Creative people draw inspiration from everything around them. However, when it comes to relationships, is there really a better muse than heartache?
I wish I could say happiness, but it wouldn’t be true, not for me at least. After my ex and I broke up, I threw myself into my writing. It wasn’t something I thought about or struggled with. The creative process took over.
This weekend marks my 2-year anniversary with my boyfriend. While I’ve never been happier with another person, I’m literally staring at a blank page pleading my fingers to type something. It’s as if my current relationship bliss has rendered me incapable of writing about romantic relationships. It’s embarrassing. I’m a writer, spinning words into gold is my job description.
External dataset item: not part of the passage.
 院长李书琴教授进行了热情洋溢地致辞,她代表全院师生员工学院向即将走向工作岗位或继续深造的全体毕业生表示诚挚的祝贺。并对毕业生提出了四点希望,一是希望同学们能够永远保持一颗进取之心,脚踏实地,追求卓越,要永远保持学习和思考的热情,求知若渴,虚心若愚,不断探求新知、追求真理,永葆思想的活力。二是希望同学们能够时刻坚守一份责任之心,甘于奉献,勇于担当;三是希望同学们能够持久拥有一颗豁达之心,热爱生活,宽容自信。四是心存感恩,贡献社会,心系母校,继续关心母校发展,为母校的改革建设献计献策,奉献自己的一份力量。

Let’s face it, the life of an average happy couple is boring. As much as I cherish the simple things like grocery shopping with my boyfriend, it’s not exactly the stuff Pulitzers are made of.
No one wants to read a book about a happy couple. Imagine if Noah and Allie from the Notebook hadn’t lost touch and had just gotten married in the first place. BORING. People love a happy ending, but with a few twists and turns along the way. I suppose there’s always books on HOW to be a happy couple, but I’m almost certain Dr. Phil has that market locked down.
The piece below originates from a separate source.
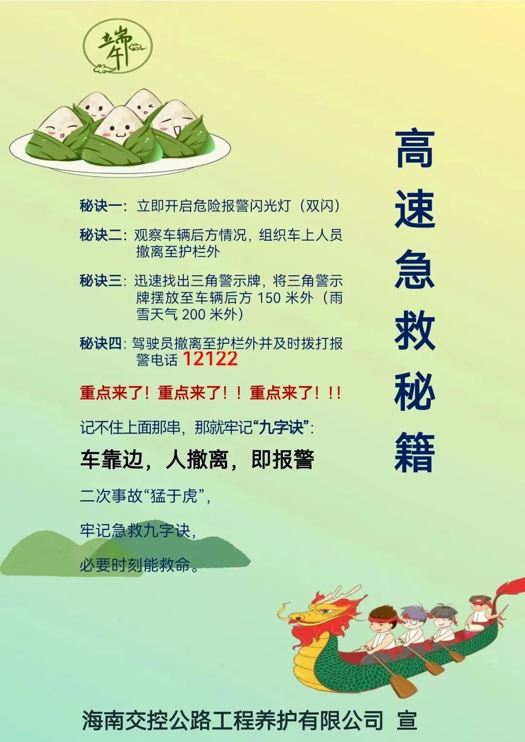 “粽”在志愿,服务正当时。2022年6月1日,养护公司党支部以“车轮上党小组”为载体,以高速公路服务区为阵地”开展文明出行志愿者服务活动,通过设立便民服务点,提供休息茶水、便民服务用品、送“爱”草香包,在提供服务之余,融入高速元素,科普防疫知识、宣传高速公路知识、安全行车知识,倡导文明交通、绿色交通理念。为进一步提升高速公路通行服务质量,营造“畅安舒美”的良好节日氛围。

Perhaps the problem stems from the fact that all my current relationship problems are good problems. My boyfriend is so skinny that we wear the same size pants. Even this isn’t really a problem. The way I see it, I now have more clothes.
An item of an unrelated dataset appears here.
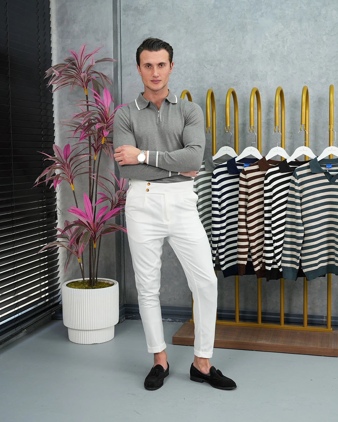 Pamuk Likra Slim Fit Örgü Yatay Desen Yaka Şerit Detaylı Polo Yaka Kazak

As great news as this is for my personal life, I can’t help but feel like it’s a death sentence for my writing career. With the exception of Gretchen Rubin’s Happiness Project, most of my creative role models thrived in times of heartache. Case in point, Alanis Morissette.
Go ahead, gasp. You and I both know she’s never been better than Jagged Little Pill. Was Dave Coulier the love of her life or, the one who got away? Definitely not. But did he inspire one of the most awe-inspiring and beloved breakup songs of all time, “You Oughta Know”? Yes.
So what next? The book’s written. Everyone knows everything there is to know about my love life. And I’m tired of writing about my ex. Nothing gives the impression that you’re still not over him, than constantly bringing it up. I’m over it, I promise. Still, writing about happy and healthy love just isn’t the same.
In case you haven’t figure it out, I’m officially writing a post complaining about how much it sucks as a writer to be in a healthy relationship, and judging myself for it. Oh well, I suppose I’ll think of something. Who knows, maybe my boyfriend will turn out to be an ax-murderer. (fingers crossed) So I ask again,
IS THERE A MUSE BETTER THAN HEARTACHE?